All that is wanted is the line with "White Tulip and" and each line after it to the end of the data below, set down exactly and without pictures.

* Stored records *
----------------

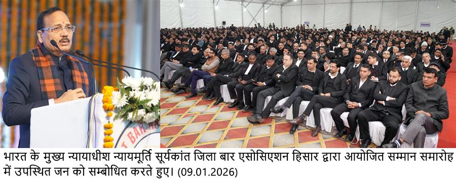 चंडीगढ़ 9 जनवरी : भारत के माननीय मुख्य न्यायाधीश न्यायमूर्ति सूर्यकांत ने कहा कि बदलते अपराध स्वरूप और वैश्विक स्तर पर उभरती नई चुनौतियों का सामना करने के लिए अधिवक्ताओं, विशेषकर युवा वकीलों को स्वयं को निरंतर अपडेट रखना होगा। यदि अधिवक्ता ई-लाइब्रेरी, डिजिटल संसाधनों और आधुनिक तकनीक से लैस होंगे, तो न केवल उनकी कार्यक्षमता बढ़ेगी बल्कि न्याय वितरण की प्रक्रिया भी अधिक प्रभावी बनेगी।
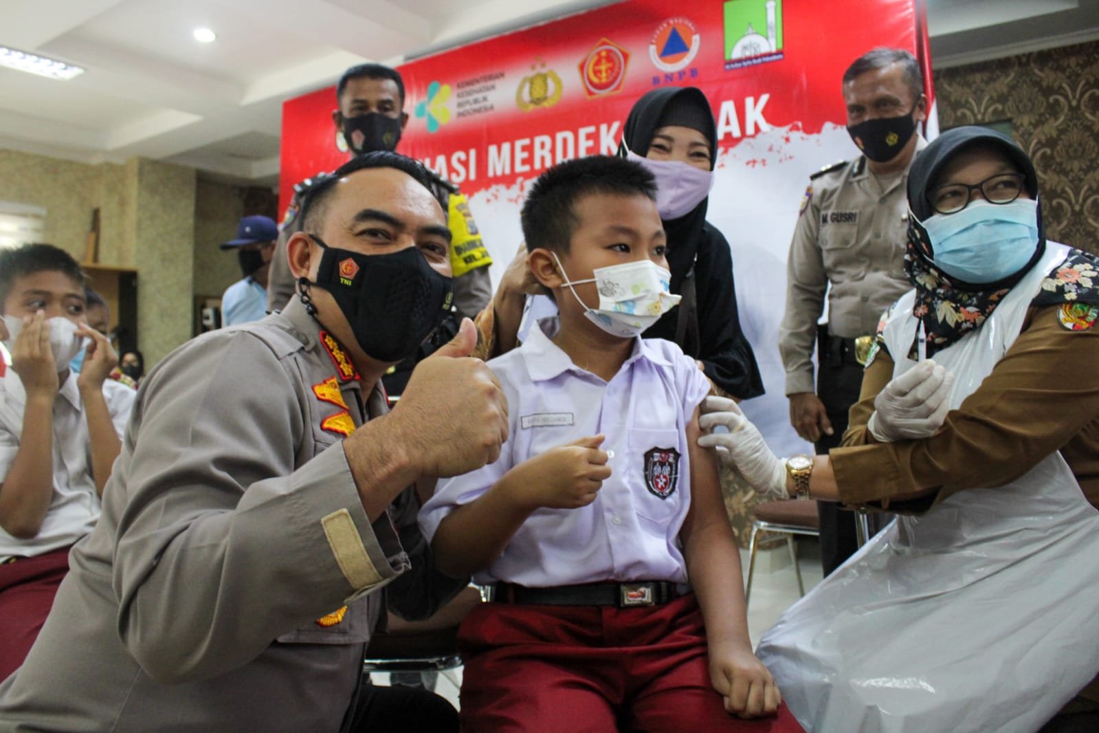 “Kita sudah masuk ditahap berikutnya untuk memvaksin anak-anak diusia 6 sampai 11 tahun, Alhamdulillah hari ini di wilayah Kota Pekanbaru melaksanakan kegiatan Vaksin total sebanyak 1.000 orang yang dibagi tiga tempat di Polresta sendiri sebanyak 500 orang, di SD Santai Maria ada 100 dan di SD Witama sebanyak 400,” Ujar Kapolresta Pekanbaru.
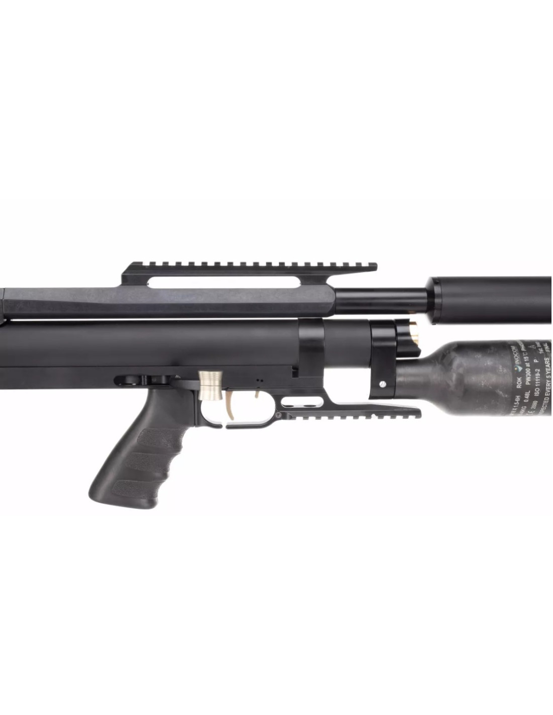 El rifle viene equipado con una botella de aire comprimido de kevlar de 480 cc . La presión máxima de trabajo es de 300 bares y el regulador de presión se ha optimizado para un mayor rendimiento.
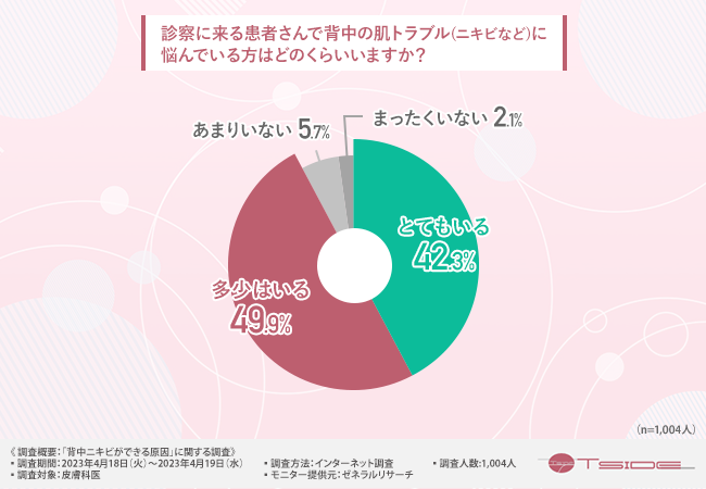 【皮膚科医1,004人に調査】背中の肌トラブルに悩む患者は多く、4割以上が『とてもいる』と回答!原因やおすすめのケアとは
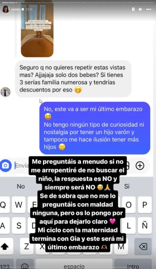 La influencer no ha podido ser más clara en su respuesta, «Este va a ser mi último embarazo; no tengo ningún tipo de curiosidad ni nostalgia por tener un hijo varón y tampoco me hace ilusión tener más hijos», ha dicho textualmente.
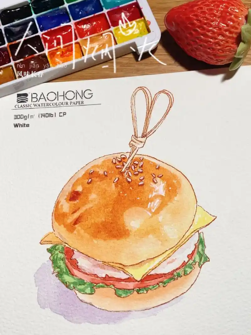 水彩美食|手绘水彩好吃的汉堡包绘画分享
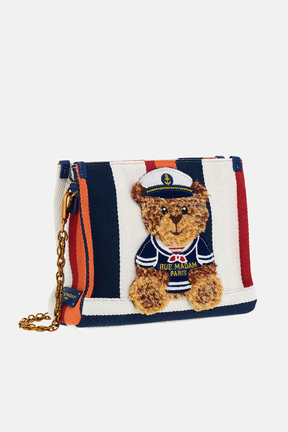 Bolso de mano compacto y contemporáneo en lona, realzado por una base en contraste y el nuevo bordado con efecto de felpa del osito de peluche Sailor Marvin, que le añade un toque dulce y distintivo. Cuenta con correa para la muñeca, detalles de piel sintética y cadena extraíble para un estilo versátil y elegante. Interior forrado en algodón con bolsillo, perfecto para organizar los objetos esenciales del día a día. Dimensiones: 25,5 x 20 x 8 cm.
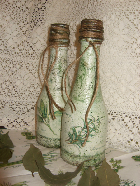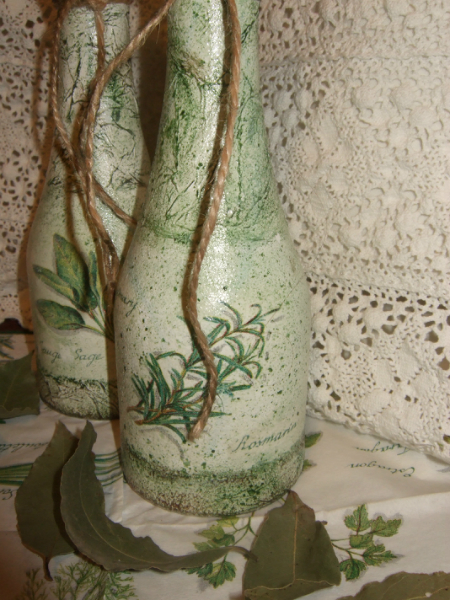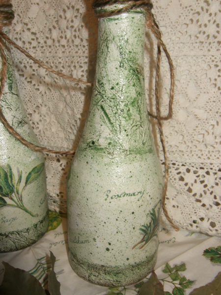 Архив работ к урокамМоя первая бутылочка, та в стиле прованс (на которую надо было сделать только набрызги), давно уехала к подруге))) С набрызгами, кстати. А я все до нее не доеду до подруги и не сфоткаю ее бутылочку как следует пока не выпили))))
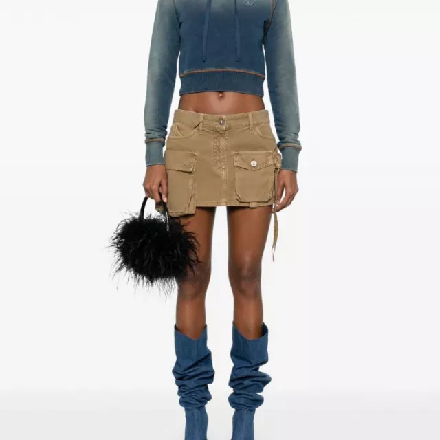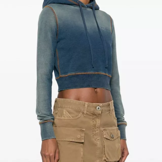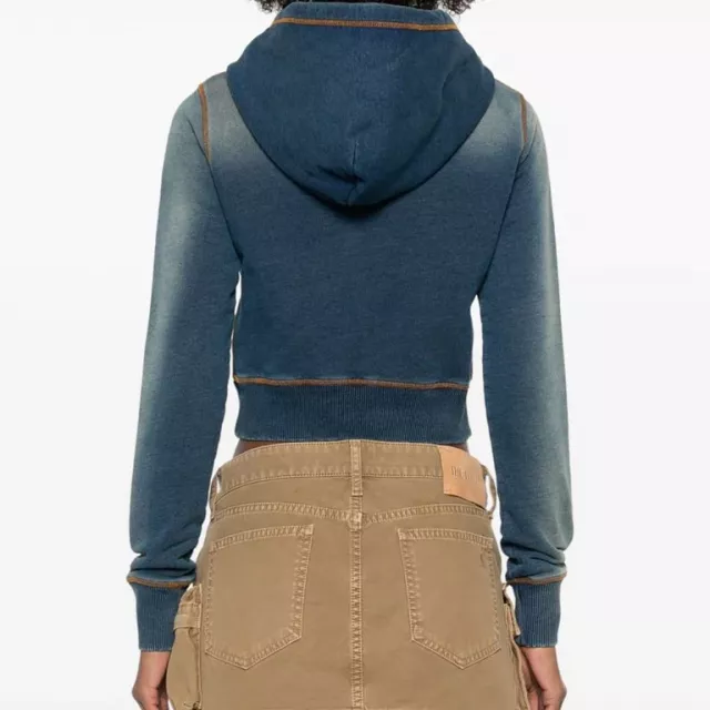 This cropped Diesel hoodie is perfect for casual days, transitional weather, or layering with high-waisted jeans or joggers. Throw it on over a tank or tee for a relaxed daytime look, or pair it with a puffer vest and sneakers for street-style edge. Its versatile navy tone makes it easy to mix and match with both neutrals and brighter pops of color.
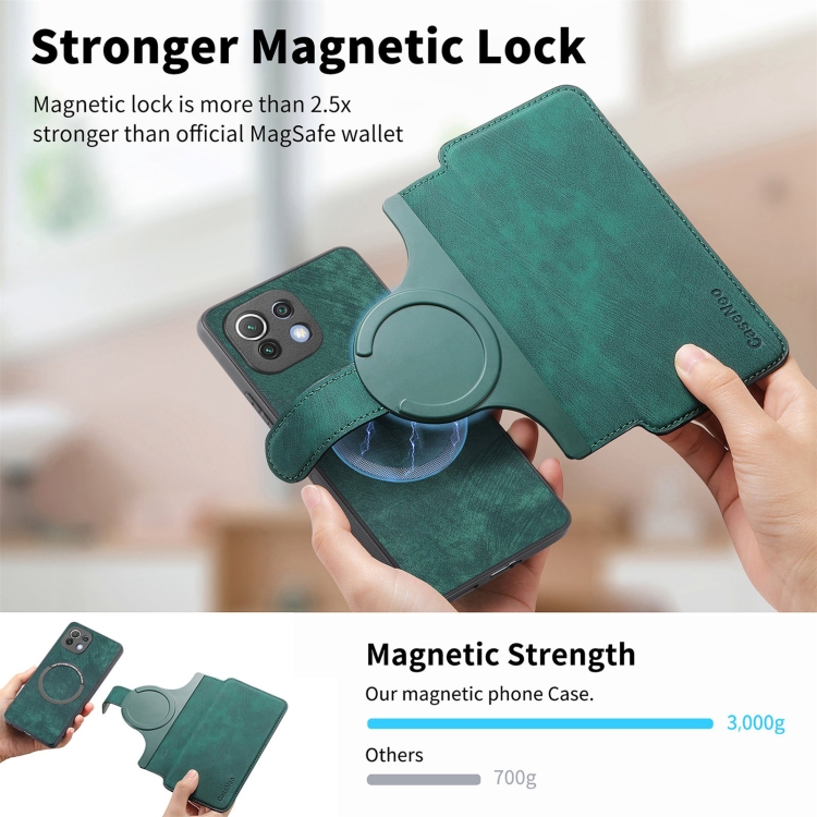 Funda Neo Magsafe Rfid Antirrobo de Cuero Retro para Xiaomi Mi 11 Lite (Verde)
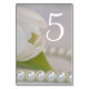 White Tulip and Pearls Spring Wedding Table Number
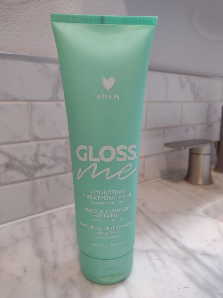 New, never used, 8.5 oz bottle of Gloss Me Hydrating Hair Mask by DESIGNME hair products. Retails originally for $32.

----------------

* Written response *
 White Tulip and Pearls Spring Wedding Table Number
 New, never used, 8.5 oz bottle of Gloss Me Hydrating Hair Mask by DESIGNME hair products. Retails originally for $32.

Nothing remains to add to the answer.